大阪地方裁判所 昭和42年(ワ)3228号 判決
以下は、判例タイムズに掲載された記事をそのまま収録しています。オリジナルの判決文ではありません。
〔判決理由〕ところで原告は右岡本車掌が原告が電車に乗車せんとしているのを確認せずに閉る扉操作を行なつたため、原告は扉で頭部及び右脚をはさまれ頭部打撲傷ならびに右足裂傷を受け、その後遺症のため物心に亘り、莫大な損害を蒙つていると主張するので判断するに、<証拠>を総合すると、原告は発車の合図の笛が鳴つてから右電車に乗車せんとして車内に足を踏み入れた瞬間そのすぐ後部に乗車していた岡本車掌の操作により自動扉が閉められたため、素足に草履ばきの原告の右足の指先が右の扉に狭まされ、その結果原告は右第三に打撲傷を受けた事実が認められる。原告はその際頭部も右扉に狭まれて強く打つたと主張し当公廷における本人尋問の際右主張に添う供述をしているが<証拠>によれば、原告はその際足の受傷を理由として岡本に対し強く抗議していたが頭部打撲の点については一言も述べていなかつたことが認められるから、この点に関する原告本人尋問の結果は直ちに信用し難く、他に原告がその際頭部をも強く打つたとの証拠はない。のみならず仮に右扉がしまる時扉が原告の頭部にも当つたにしても、原告本人尋問の結果によれば、原告は当時六三歳で可成りの高血圧症血圧(二二〇位)を病んでいたことが認められるから、原告がその後その主張するような症状に悩んでいるにしても、その原因が本件の接触事故によるものか或いは高血圧症によるものかについての資料は全くなく、当裁判所はこの点について到底心証を得るまでには至らないから、この点に関する原告の主張は肯認することはできない。

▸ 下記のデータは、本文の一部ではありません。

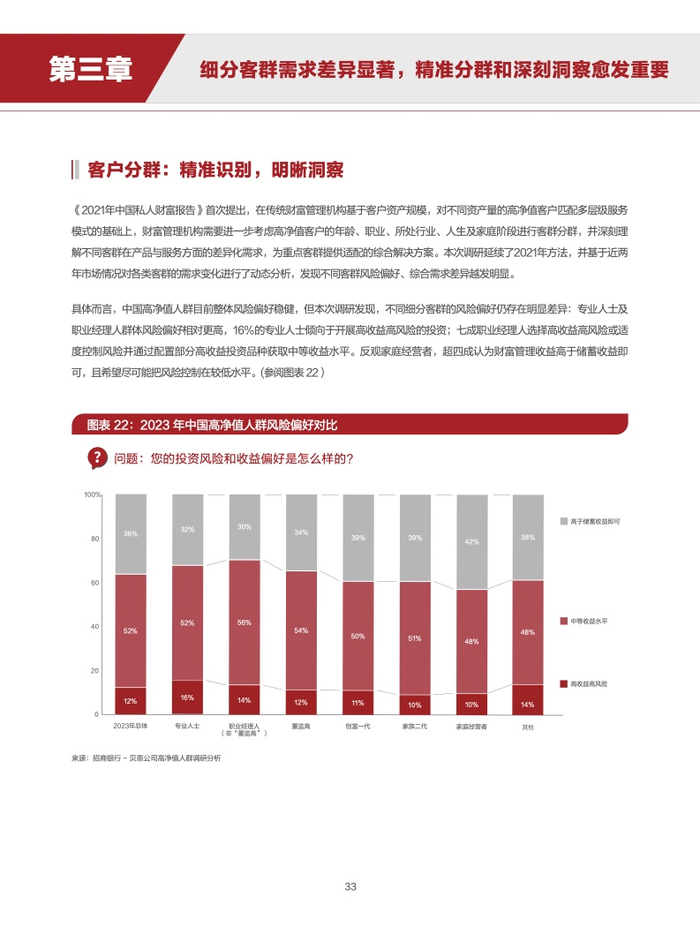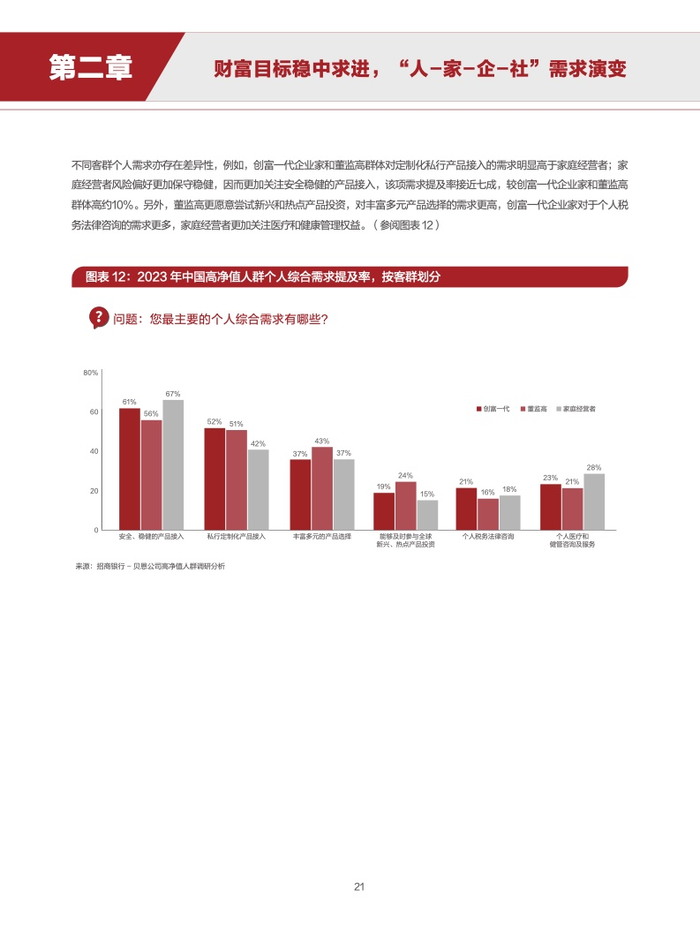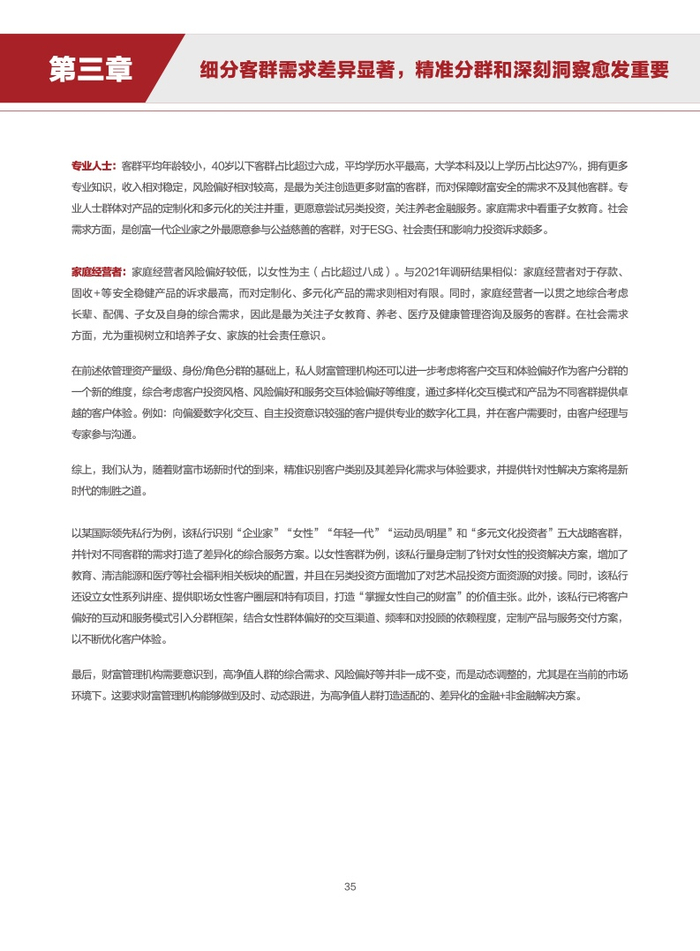 本次调研延续了2021年方法,并基于近两年市场情况对各类客群的需求变化进行了动态分析,发现不同客群综合需求差异越发明显。例如,创富一代更为看重财富传承、个人事业及企业发展;家庭经营者最关注子女教育;而专业人士则最关注创造更多财富。这就要求私人财富管理机构精细化客户分群,从而精准识别、洞察细分客群需求,并基于客户差异化需求提供定制化的金融及非金融综合解决方案。

被告は原告の右足の負傷についてもこれを原告の過失により生じたものであるとして被告の責任を否定するが一般に通勤混雑時の電車の乗客が発車の合図の笛が鳴つたあとで電車に飛び乗らんとして扉に狭まれたような場合には、その過失責任は主として乗客にあるといえるがそのことからかかる乗客のないことの確認をしないで、閉扉操作をした車掌が直ちに自らの過失の責を免れることになるわけではないから、原告の前記受傷について被告会社の車掌の岡本順に過失がないとする被告の主張は失当である。(谷野英俊)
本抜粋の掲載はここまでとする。